国内外の研究者によりますと、建築様式に関して、ビンディンのチャム塔は華麗に設計され、東南アジアで最大規模となっています。また、カンボジアのアンコールワット遺跡などは石を組み合わせで建てられた一方、チャム塔は煉瓦で組み建てられています。模様は煉瓦に彫刻されていますが、建築様式としては珍しいものです。国家文化遺産評議会議員で、東南アジア研究院のゴ・バン・ゾアイン準教授は次のように語りました。
(テープ)
「煉瓦で組み建てられた建築物であれば、寿命は最長でもおよそ1世紀ですが、チャンパ王国の塔はいずれも7~800年、ひいては千年もの歴史を持っています。建造物にはセメントや漆喰などの接着剤を使った形跡はないようです。塔の煉瓦の壁に模様が美しく刻まれています。こうした建築はチャンパ王国でしか出来ないかもしれません。」
伝統的なチャムの塔は正方形で、多層になっていて、主に2つの部分:四角の本体ブロックと曲線のピラミッドから成ります。塔の各コーナーには両手を上げて塔の屋根を支える神聖な「神の鳥」といわれるガルーダがあります。当時期のチャム民族の宗教的建築の様式は華麗性を現しますが、装飾がうるさくなく、各ブロックが重層的にアーチが収まり、先が撥ね上がり槍の形になり強い印象を作っています。研究者らはおよそ50のチャム塔を研究した結果、チャム塔は地元で製造された煉瓦で建てられた。この煉瓦は現在の煉瓦と違い特性を持つものである」と指摘しています。さきほどのゾアイン準教授は次のように語りました。
(テープ)
「チャム族の煉瓦は私たちの煉瓦と違います。
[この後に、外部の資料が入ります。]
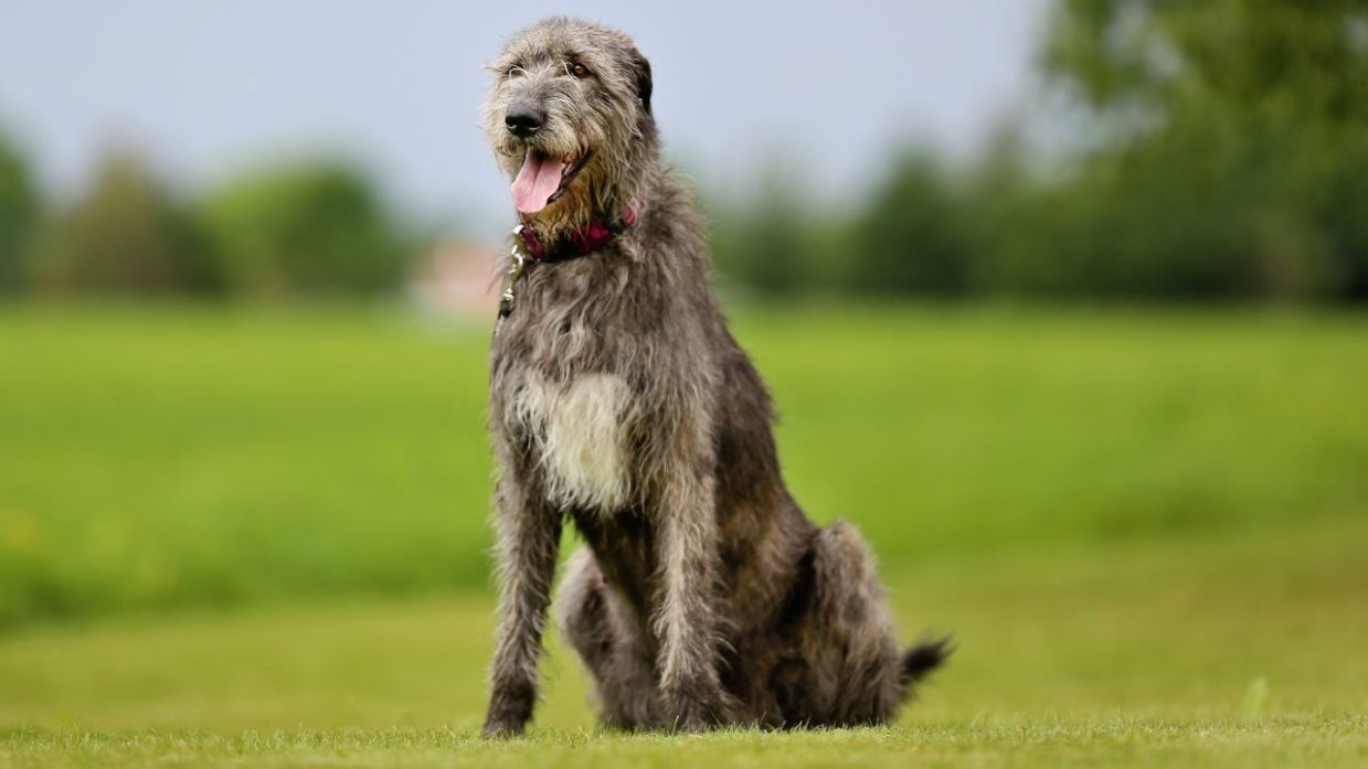 Esta raza también es denominada Lebrel irlandés o Cazador de lobos irlandés. Al igual que el San Bernardo, pueden medir entre 70 y 90 cm de altura, aunque su peso es considerablemente menor: unos 54 kilos, aproximadamente.
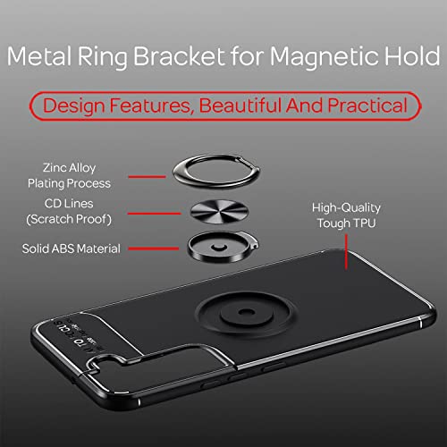 NALIA Ring Cover Nero Opaco compatibile con Samsung Galaxy S22 Custodia, Anello Girevole 360-Gradi Rotazione per Funzione & Supporto per Auto, Silicone Copertura Protettiva Case, Colore:Rosa Gold Oro
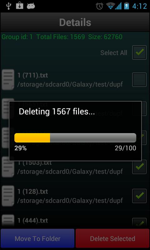 In Results screen, press any button to go to the Details screen where files are listed. Select the check boxes corresponding to the files you want to delete. By pressing the "Delete Selected" button you can delete the files you have selected.

中部で同じように生産されたものですが、チャム族の煉瓦は私たちのものより軽いです。例えば、私たちの煉瓦は2キロですが、チャム族のは1・5キロです。また、チャム族の煉瓦は軟らかく、柔軟です。私たちの煉瓦は硬く、曲げたら壊れてしまいます。」
現在、ベトナムには国内的知名度はもちろん、世界でもよく知られているミーソン遺跡群が残っています。1999年に、同遺跡群はUNESCOにより、世界文化遺産として認定されました。ミーソン遺跡群管理委員会のレ・スアン・ティエン委員は次のように話しました。 (テープ)
「2005年から、ベトナムの科学者たちはイタリアのミラノ大学の協力を得て、塔の修復・補強のため、煉瓦を作り始めました。しかし、新しく製造した煉瓦はかつてチャム族が作った煉瓦と比べて、質は低いです。チャンパの建塔工人の腕は素晴らしいと思います。」
千年以上にわたり、チャム塔は堅固に存在して、大きな文化・芸術の価値を含んでいます。中部の強い日差しや激しい雨はチャム塔の華麗さをいろあせさせることはありません。